Supplied material =>
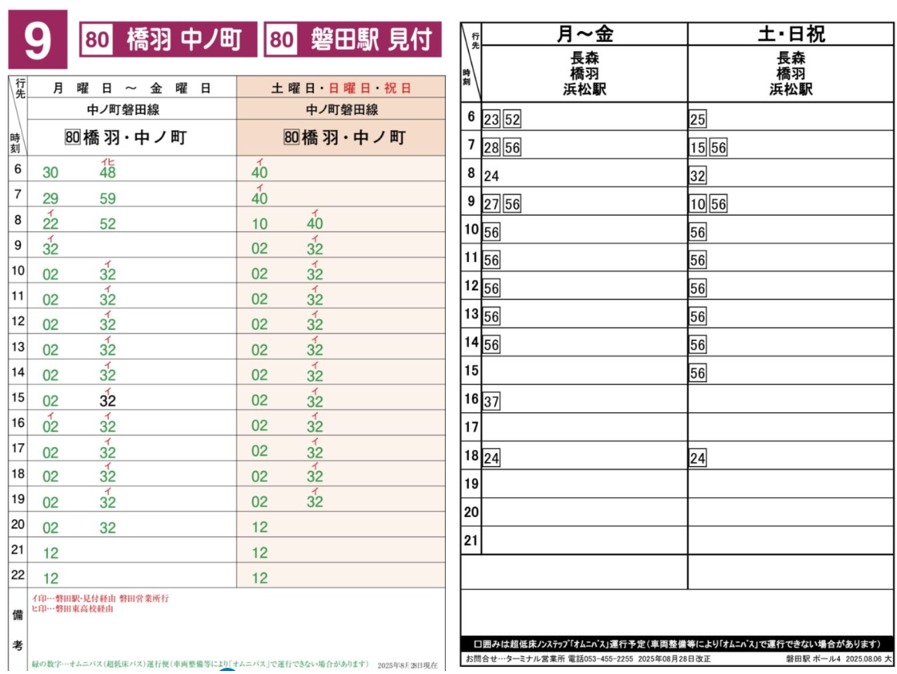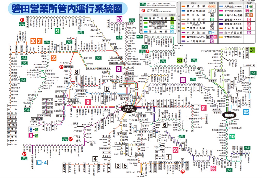 ●バス:浜松駅バスターミナル9番乗り場 遠鉄バス・80「磐田営業所」または「中ノ町」行きに乗車し、「浜松アリーナ」下車 (所要時間15分、270円)
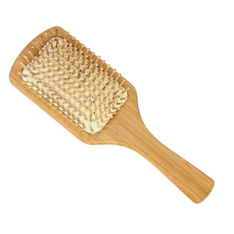 Escova de Cabelo Pneumática Retangular Larga de Bamboo, uma inovação eco-friendly para o seu cuidado capilar.
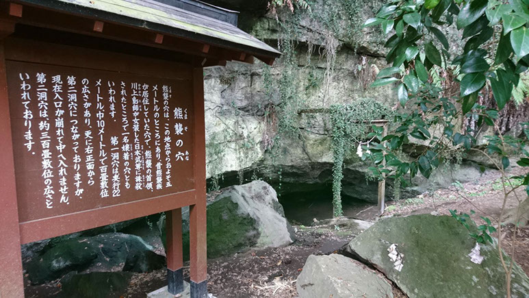 古代の南九州にはクマソと呼ばれる人々が住んでいました。クマソは熊のように猛々しく、勇ましい人々であったといわれ、古事記では「熊曽」、日本書紀では「熊襲」と書かれています。熊襲の穴はクマソ族の首領・川上タケルが住んでいたところで、女装した日本武尊(ヤマトタケルノミコト)に殺されたと伝えられています。
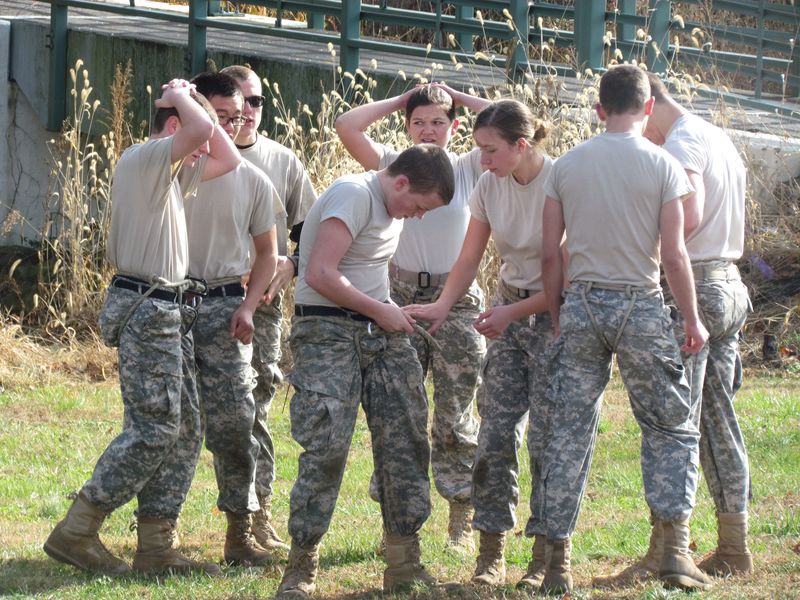 A part of the training culminates in a competition wherein teams of eight jrotc cadets must cross an obstacle using one rope and only the first and last cadets are allowed to touch the obstacle.
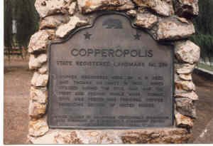 No need to explain how this town got its name. It served a useful purpose for the Union Army during the Civil War. It provided most of the metal needs for the Union Army during that war. Located out of Stockton, the copper lode was first discovered by two prospectors at about the same time in 1860. During the war years, Copperopolis had a population of 10,000, much larger then any of the nearby gold camps. At the end of the war, the price of copper dropped to 19 cents a pound compared to 55 cents during the war. This forced closure of many of the mines and population dwindled. It did, however, provide copper during the two world wars. Submitted by Henry Chenowith. Copperopolis, originally known as Copper Canyon was founded in 1860, at the site of the 2nd big discovery of copper ore in the area. William K. Reed, Dr. Allen Blatchly, and Thomas McCarty discovered a rich claim they later called the Union, and within 1 year, it was producing vast amounts of copper ore. Before long several other claims had been established, including the Keystone, Consolidated, Empire, Webster, Kentucky, and the the Calaveras. All located in the now famous Copper Canyon district, the claims, and the men they employed, together with the businesses needed to provide for the miners' needs, are what formed Copperopolis. On August 3, 1860, a mining district was organized, and mining laws adopted, allowing each miner to file 1 claim on a vein 150' in length and 300' wide. Any miner discovering a new claim was entitled by law to an extra claim of the same extent. The town grew rapidly, enjoying great prosperity between 1860 and 1867. The center of town, called "The Plaza" was located across from the Armory. From there, main street runs about 1 1/4 miles northwest to the end of town, parallelling the rich copper vein. During the copper boom, main street was lined with buildings of all shapes and sizes, offering the population just about anything they wanted. Many of the buildings were constructed of bricks hauled in from Columbia, where the buildings there were being torn down so the miners could mine the ground underneath. Copperopolis owed much of its prosperity to the Civil War, as huge amounts of copper were needed for shells and bullets. Getting the copper to the Union forces was a very difficult task. In 1863, William Reed built a toll road over which oxen teams hauled $1.6 million in copper ore that 1st year. The ore was taken to Stock-ton, shipped downriver to San Francisco, put on sailing ships and taken around Cape Horn, where they finally arrived at smelters in Boston, NY, and Philadelphia. Copper then became available for use by the Union Army. The war also generated lots of publicity for Calaveras County, as the region which also included Telegraph City, and Campo Seco, became the 2nd largest copper producing district under northern con-trol during the Civil War. By 1870, the population was down to 170, but during the 1880's, it sprang some-what back to life. A boston conglomerate bought the Union and Keystone mines, and they became active once again. The mines of Copperopolis continued to produce over the years, with boom periods occuring during the 2 World Wars. The Bureau of Mines credited the mines with 72,598,883 pounds of copper from 1861 to 1946, over $12 million worth of copper. Copperopolis may not have been a gold town, but it was definately a mining town. The mines, remaining buildings, cemeteries, etc., are interesting to wander around. The road going to Copperopolis from sr49 is a rather rough two-lane, with many curves and rolls in it, but if you have the time, it's a nice quiet setting worth exploring and photographing. submitted by bob stelow. |
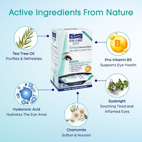 Detalles: Descripción Tamaño:30 Wipes Las toallitas extra para ojales de Dr. Fischer proporcionan alivio instantáneo de cualquier tensión ocular e irritación. Limpia de forma fácil y eficaz tus ojos de aceite, residuos, suciedad, polvo, maquillaje, materia crusta, mucosa ocular gruesa, secreciones oculares y cuerpos extraños. Alivio inmediato para aquellos que sufren de blefaritis, conjuntivitis, ojos rojos, ojos secos, inflamaciones oculares y estilos. Úsalo como una ayuda complementaria para el tratamiento médico como las gotas de conjuntivitis o las pomadas de los ojos y da a tus ojos la mejor oportunidad para combatir infecciones bacterianas o virales. Hay algo más que que satisfacer el ojo. Mantener los ojos saludables requiere una solución equilibrada y completa. Cuidado Eye-Care Dry proporciona a tus ojos una respuesta fácil y cómoda a las necesidades más comunes: mojado e hidratado. Mantiene tus ojos bien lubricados y húmedos. Mojado y cómodo: ayuda a calmar y aliviar infecciones, irritaciones y molestias oculares. Propiedades húmedas e higiénicas antiadherentes para proteger los ojos de los desechos transportados por el aire y mantener la higiene de la piel. Mojado y limpio: proporciona una limpieza suave y profunda para un mantenimiento saludable de los ojos, húmedo y limpio. Refresca la superficie de los ojos dándole una visión nítida y clara. Única fórmula creada específicamente para aliviar y proteger tus ojos. Enriquecido con: Eyebright (Euphrasia) - un antioxidante de hierbas conocido por su actividad contra los radicales libres y por sus propiedades calmantes Teflos- incorpora propiedades antiadherentes para mantener los ojos, los párpados y las pestañas limpias de contaminantes extranjeros y mantener la comodidad de los ojos. El ácido hialurónico para hidratar e hidratar el aceite de árbol de té ayuda a purificar y refrescar el entorno de los ojos Chamomile y Pro-Vitamina B5 para calmar, suavizar y nutrir la piel los mejores ingredientes son sensibles, por eso utilizamos solo los mejores ingredientes que son libres de conservantes, alcohol, parabenos, SLES, SLS, Geles y fragancias minerales. Solución esterilizada, hipoalergénica e inactiva probada y recomendada por oftalmólogos y dermatólogos.

Instructions for the task => Please return exactly the lines above, from where the listing starts to the line holding "A part of the", inclusive, with the pictures omitted.

Result of this exercise =>
 ●バス:浜松駅バスターミナル9番乗り場 遠鉄バス・80「磐田営業所」または「中ノ町」行きに乗車し、「浜松アリーナ」下車 (所要時間15分、270円)
 Escova de Cabelo Pneumática Retangular Larga de Bamboo, uma inovação eco-friendly para o seu cuidado capilar.
 古代の南九州にはクマソと呼ばれる人々が住んでいました。クマソは熊のように猛々しく、勇ましい人々であったといわれ、古事記では「熊曽」、日本書紀では「熊襲」と書かれています。熊襲の穴はクマソ族の首領・川上タケルが住んでいたところで、女装した日本武尊(ヤマトタケルノミコト)に殺されたと伝えられています。
 A part of the training culminates in a competition wherein teams of eight jrotc cadets must cross an obstacle using one rope and only the first and last cadets are allowed to touch the obstacle.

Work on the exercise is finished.